BRIEF: Further down are entries; set down exactly and only the lines from the one with "이날 수확한 벼는 지난" up to and including the one with "ASOS DESIGN - Mørkegrøn", dropping each picture.

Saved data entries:
- - -

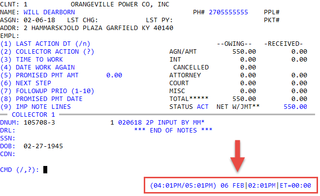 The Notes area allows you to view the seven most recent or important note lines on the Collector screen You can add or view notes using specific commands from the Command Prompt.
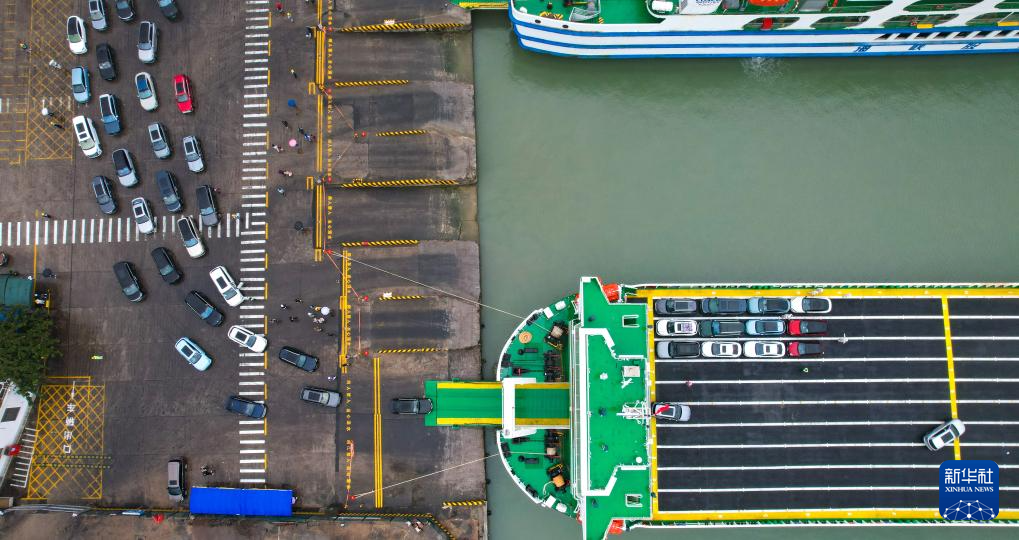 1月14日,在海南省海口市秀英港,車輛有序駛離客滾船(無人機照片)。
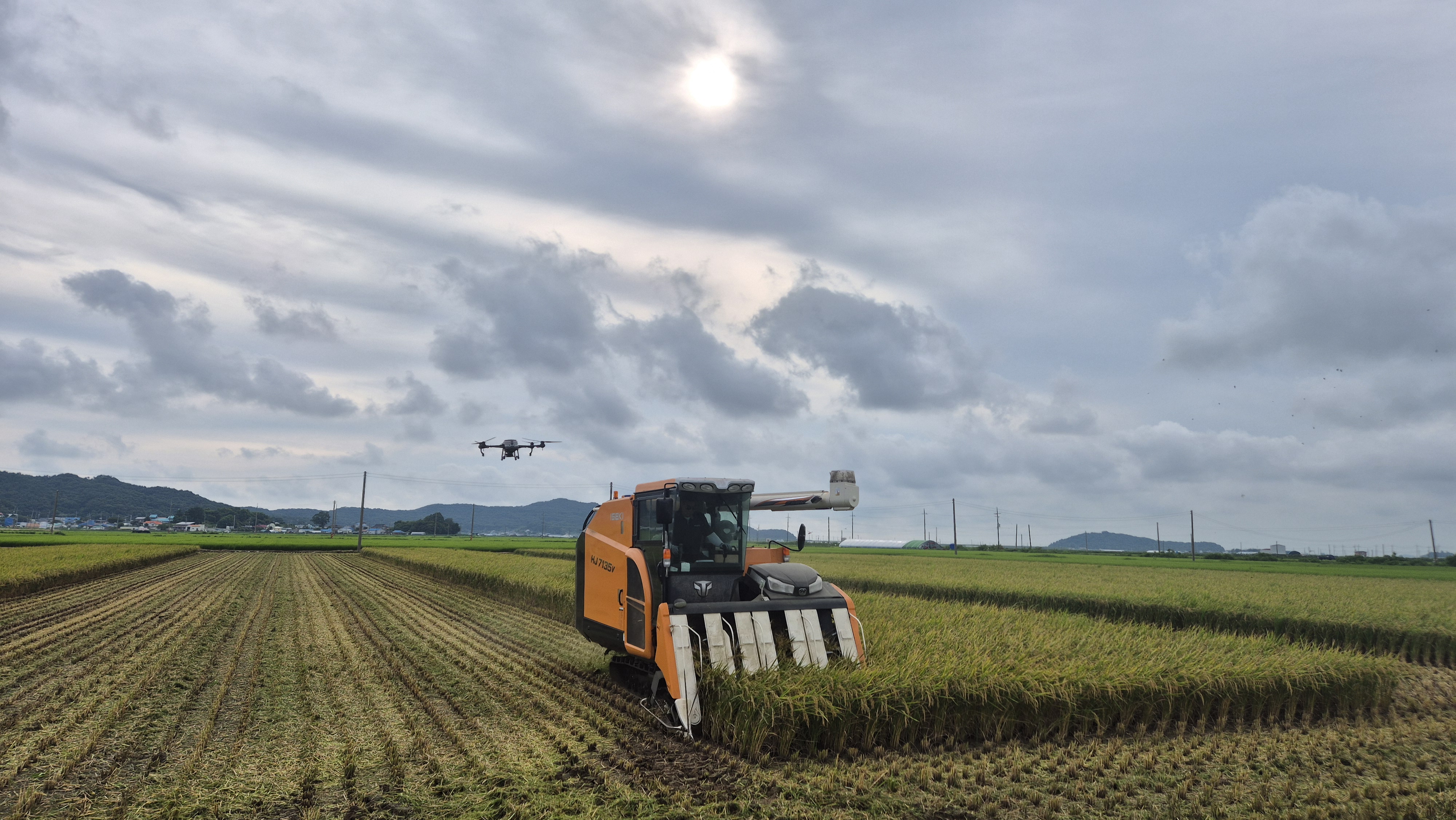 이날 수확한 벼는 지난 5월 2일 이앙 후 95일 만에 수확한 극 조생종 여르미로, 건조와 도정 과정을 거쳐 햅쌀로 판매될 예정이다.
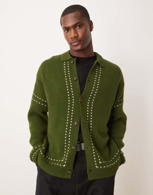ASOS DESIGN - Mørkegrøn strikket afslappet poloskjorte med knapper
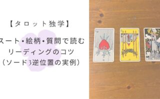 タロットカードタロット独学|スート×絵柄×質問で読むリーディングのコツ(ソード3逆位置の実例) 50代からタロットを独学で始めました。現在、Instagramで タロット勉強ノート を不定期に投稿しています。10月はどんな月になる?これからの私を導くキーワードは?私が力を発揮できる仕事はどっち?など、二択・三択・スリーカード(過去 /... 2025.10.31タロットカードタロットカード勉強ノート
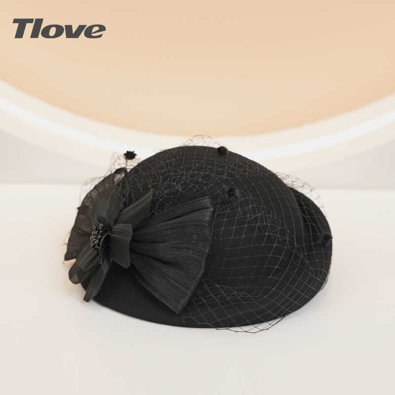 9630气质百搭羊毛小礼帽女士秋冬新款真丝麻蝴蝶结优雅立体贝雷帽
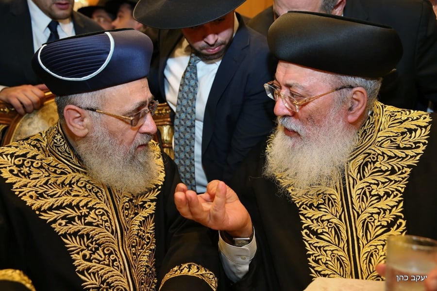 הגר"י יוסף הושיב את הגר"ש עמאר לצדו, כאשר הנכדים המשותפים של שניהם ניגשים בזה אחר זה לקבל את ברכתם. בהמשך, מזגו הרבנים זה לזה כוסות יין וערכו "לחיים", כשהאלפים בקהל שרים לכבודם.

- - -

OUTPUT BELOW:
 이날 수확한 벼는 지난 5월 2일 이앙 후 95일 만에 수확한 극 조생종 여르미로, 건조와 도정 과정을 거쳐 햅쌀로 판매될 예정이다.
ASOS DESIGN - Mørkegrøn strikket afslappet poloskjorte med knapper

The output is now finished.